● YOUR INSTRUCTIONS:
Type out the lines below exactly, pictures excluded.

======== DATA EXTRACT ========

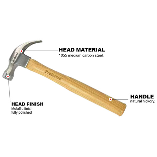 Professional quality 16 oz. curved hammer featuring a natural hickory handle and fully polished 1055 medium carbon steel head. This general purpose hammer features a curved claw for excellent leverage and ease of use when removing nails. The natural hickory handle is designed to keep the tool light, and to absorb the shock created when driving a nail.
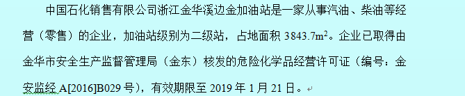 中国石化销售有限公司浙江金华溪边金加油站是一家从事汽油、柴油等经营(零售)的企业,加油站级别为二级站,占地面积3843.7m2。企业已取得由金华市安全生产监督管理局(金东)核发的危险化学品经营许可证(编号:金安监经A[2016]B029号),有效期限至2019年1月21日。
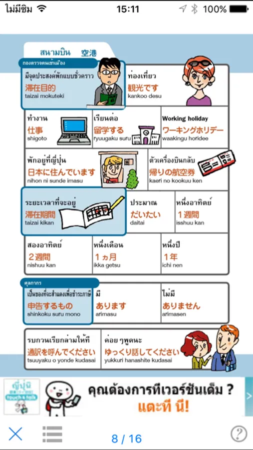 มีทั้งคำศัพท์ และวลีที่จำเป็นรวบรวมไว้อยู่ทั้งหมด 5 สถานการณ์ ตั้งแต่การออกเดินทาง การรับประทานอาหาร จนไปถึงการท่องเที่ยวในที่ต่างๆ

========

● TASK SOLUTION:
 Professional quality 16 oz. curved hammer featuring a natural hickory handle and fully polished 1055 medium carbon steel head. This general purpose hammer features a curved claw for excellent leverage and ease of use when removing nails. The natural hickory handle is designed to keep the tool light, and to absorb the shock created when driving a nail.
 中国石化销售有限公司浙江金华溪边金加油站是一家从事汽油、柴油等经营(零售)的企业,加油站级别为二级站,占地面积3843.7m2。企业已取得由金华市安全生产监督管理局(金东)核发的危险化学品经营许可证(编号:金安监经A[2016]B029号),有效期限至2019年1月21日。
 มีทั้งคำศัพท์ และวลีที่จำเป็นรวบรวมไว้อยู่ทั้งหมด 5 สถานการณ์ ตั้งแต่การออกเดินทาง การรับประทานอาหาร จนไปถึงการท่องเที่ยวในที่ต่างๆ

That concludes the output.